/Twitter-LDA

Latent Dirichlet Allocation (LDA) model for Microblogs (Twitter, weibo etc.)

Primary LanguageJava

Twitter-LDA

/*

  • Copyright (C) 2012 by
  • SMU Text Mining Group
  • Singapore Management University
  • TwitterLDA is distributed for research purpose, but
  • WITHOUT ANY WARRANTY; without even the implied warranty of
  • MERCHANTABILITY or FITNESS FOR A PARTICULAR PURPOSE.
  • The original paper is as follows:
  • Wayne Xin Zhao, Jing Jiang et al., Comparing Twitter and traditional media using topic models.
  • ECIR'11. (http://link.springer.com/chapter/10.1007%2F978-3-642-20161-5_34)
  • Note that the package here is not developed by the authors
  • in the paper, nor used in the original papers. It's an implementation
  • based on the paper, where most of the work is done by qiming.diao.2010@smu.edu.sg.
  • Feel free to contact the following people if you find any
  • problems in the package.
  • minghui.qiu.2010@smu.edu.sg

*/

Brief introduction:

Latent Dirichlet Allocation (LDA) has been widely used in textual analysis. The original LDA is used to find hidden "topics" in the documents, where a topic is a subject like "arts" or "education" that is discussed in the documents. The original setting in LDA, where each word has a topic label, may not work well with Twitter as tweets are short and a single tweet is more likely to talk about one topic. Hence, Twitter-LDA (T-LDA) has been proposed to address this issue. T-LDA also addresses the noisy nature of tweets, where it captures background words in tweets. As experiments in [7] have shown that T-LDA could capture more meaningful topics than LDA in Microblogs.

Data format:

  1. Under /data/ folder you'll find three subfolders "Data4Model", "ModelRes" and "Tokens".

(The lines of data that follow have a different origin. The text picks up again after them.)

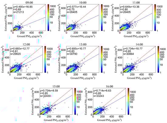 The comparison of Figure 4 and Figure 5 shows that the correlation between and PM2.5 is significantly improved after the vertical and humidity corrections compared to that between AOD and PM2.5, and the correlation coefficient increases from 0.11–0.44 to 0.28–0.68. The mass concentration of near-ground PM2.5 was estimated using Equation (8), and the hour-by-hour density scatter plots of satellite estimates against ground-based observations are shown in Figure 6, where the red dashed line is the 1:1 line, and the blue dashed line is the fitted line. According to Figure 6 the correlations are all high in general, but the correlation coefficient varies more from 09:00 to 16:00 (0.69–0.85), and the correlation is significantly higher in the afternoon than in the morning, the variation of which is consistent with the study of Xu [30]. This may be caused by the following two reasons: (1) in the morning hours, when the solar azimuth is larger and the atmospheric water vapor content is higher, the sunlight passes through a longer atmospheric path to reach the ground, which affects the accuracy of the AOD retrieval, and thus the PM2.5 estimation results may be relatively poor, especially at 09:00. (2) Particulate matter deliquesces with the increase in temperature, which may affect the results of humidity corrections [15] and thus affect the PM2.5 estimation results. (3) In the process of vertical revision, we use the visibility to calculate the near-surface extinction coefficient (). The fog or high humidity conditions in the morning over the Chengdu-Chongqing regions may affect the visibility measurement, thus affecting the final PM2.5 estimation [51]. (4) We fit this based on the monthly scale in constructing the hygroscopic correction factor grid, which may have a greater impact at 9:00 and 10:00 because of the high humidity conditions, so it is necessary to construct the hygroscopic correction factor grid for a more refined sub-hour.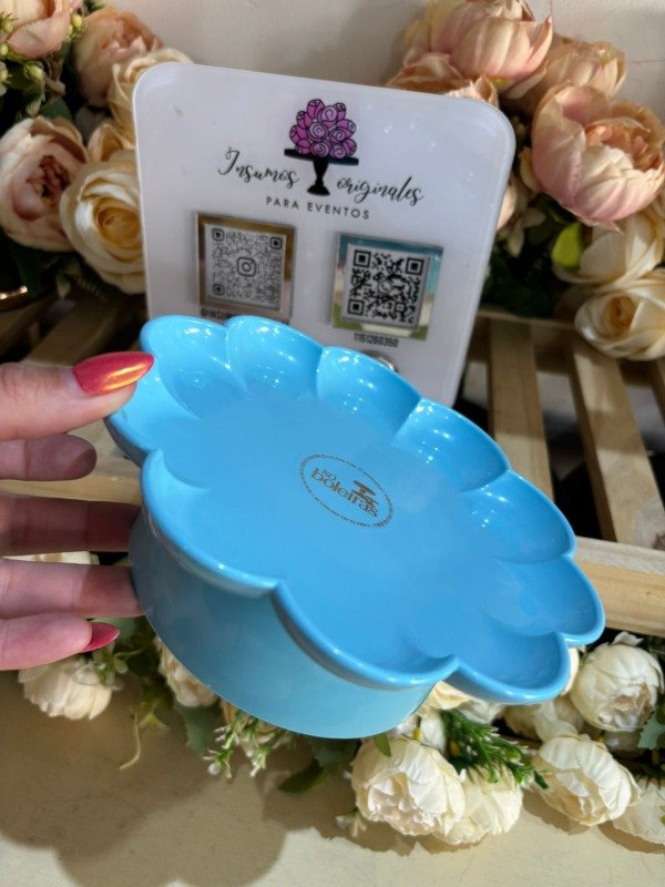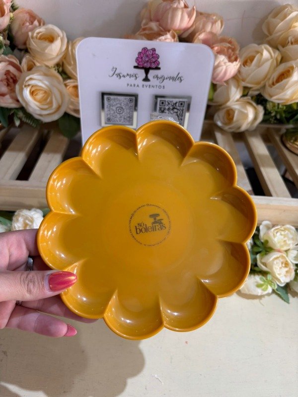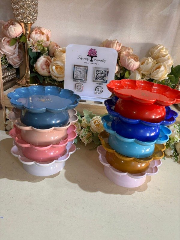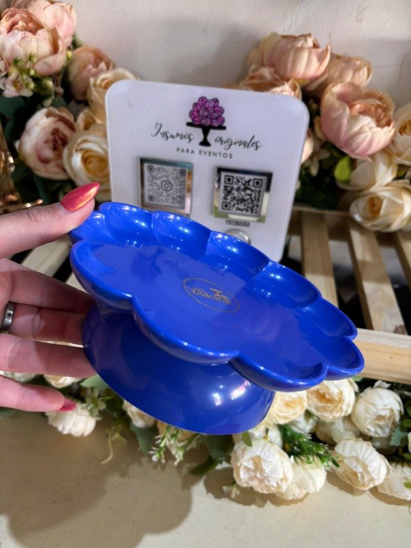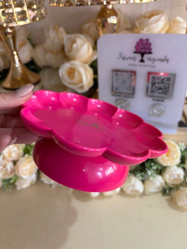Alzada en forma de flor . Mide 5cm de alto x 18cm de diámetro. Se desarma para usar como platito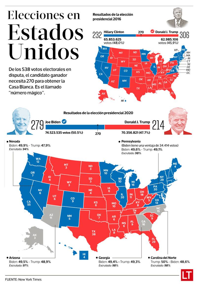Cuando aún no se confirmaba la tendencia irreversible en Pennsylvania, el equipo de campaña de Trump insistió el viernes en que “la elección no ha terminado”. “Las proyecciones erróneas que dan como ganador a Joe Biden se basan en resultados en cuatro estados que están lejos de ser definitivos”, aseguró Matt Morgan, del equipo del republicano, en un comunicado. Morgan hacía alusión, además de Pennsylvania, a Arizona (que reparte 11 votos electorales), Carolina del Norte (15 votos) y Georgia (16 votos), estados donde aún se contaban los votos y en los cuales –salvo Carolina del Norte- Biden tenía una leve ventaja. También se refería a Nevada, que ya confirmó a Biden como ganador, por lo que el candidato demócrata sumaba 279 votos electorales.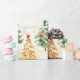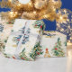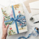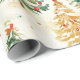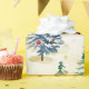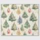 Be a bit more festive and colourful with your pine trees wrapping paper choice when you use this festive pattern. Not only do you have lovely green vintage watercolors, intermixed are unexpected and pretty coloured trees in muted but fun pink, red, blue, and yellow. All decorated for the Christmas holidays with stars or bows at the tops and shiny baubles, even though pictured out in the winter snow.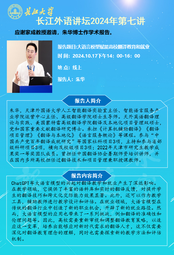 长江外语讲坛2024年第七讲:大语言模型赋能高校翻译教育和就业
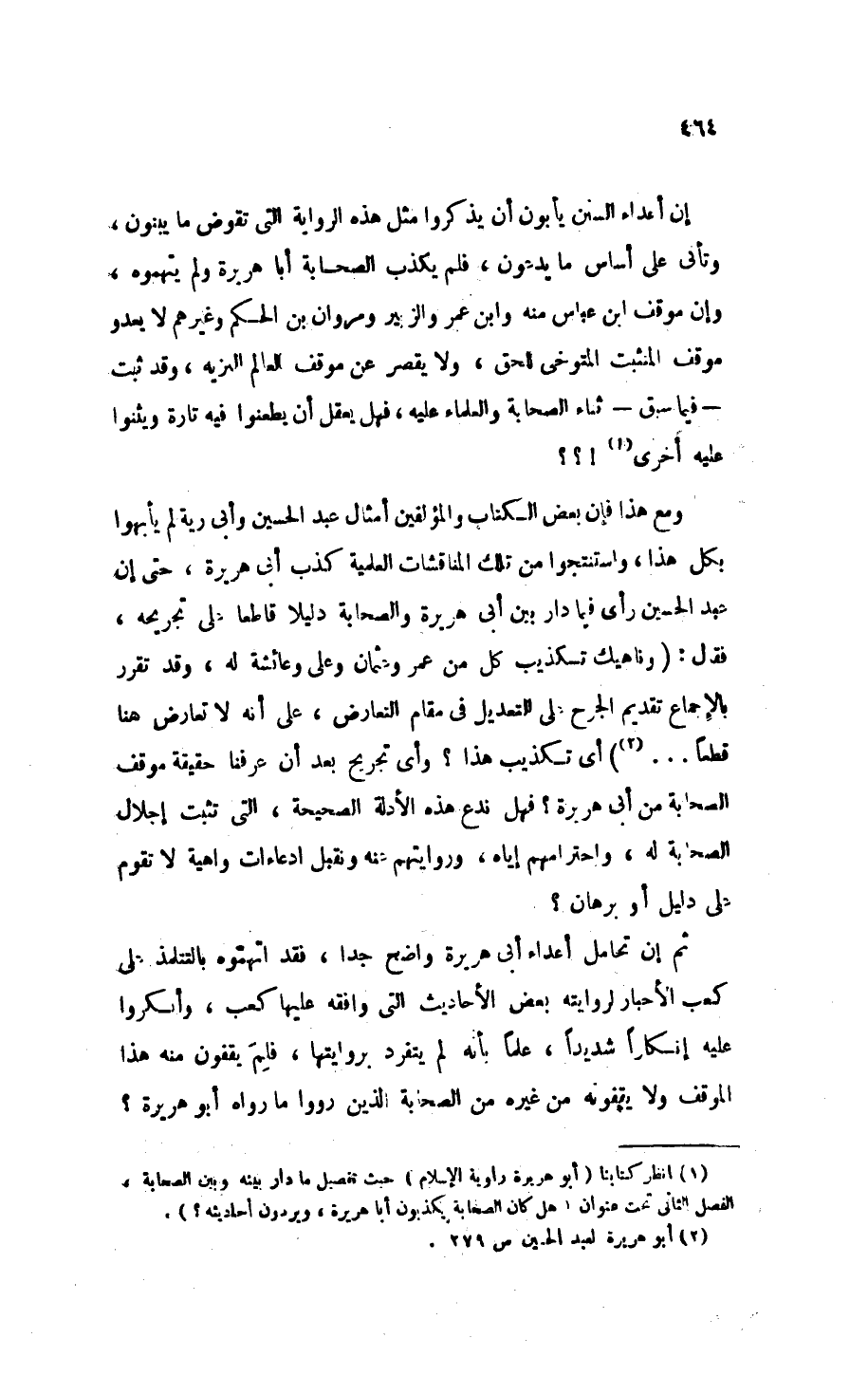(¬1) انظر كتابنا " أبو هريرة راوية الإسلام " حيث تفصيل ما دار بينه وبين الصحابة، الفصل الثاني تحت عنوان (هَلْ كَانَ الصَّحَابَةُ يُكَذِّبُونَ أَبَا هُرَيْرَةَ وَيَرُدُّونَ أَحَادِيثَهُ؟) (*).

  2. The data sets are tokenized and results are saved in "Tokens". The data are further processed for applying the model (Twitter-LDA), the resulting files are in "Data4Model". The model results are in "ModelRes" and the model parameter settings are in texts formatted as "modelParaemters-*.txt".

  3. The model results are in the following format:

    3.1 Folder "TextWithLabel": this folder contains files with labeled results. Each file contains a set of posts correspond to the input file. Each line is post with labeled topic id, e.g: 2011-09-01: z=156: beijing/156 olympic/156 opens/false. This means the post is with topic 156 (z = 156), it contains three terms, where "beijing" and "olympic" are with topic 156, "opens" is labeled as a background term (a term that is popular in many posts, similar to stop words);

    3.2 BackgroundWordsDistribution.txt: this file list top ranked background words;

    3.3 TopicCountsOnUsers.txt: this file contains N * T matrix, N is total number of input files (users), T is total number of topic, each element corresponds to number of times the user mentioned the topic;

    3.4 TopicsDistributionOnUsers.txt: The format is the same with the above file, but each line is a topic distribution of the user.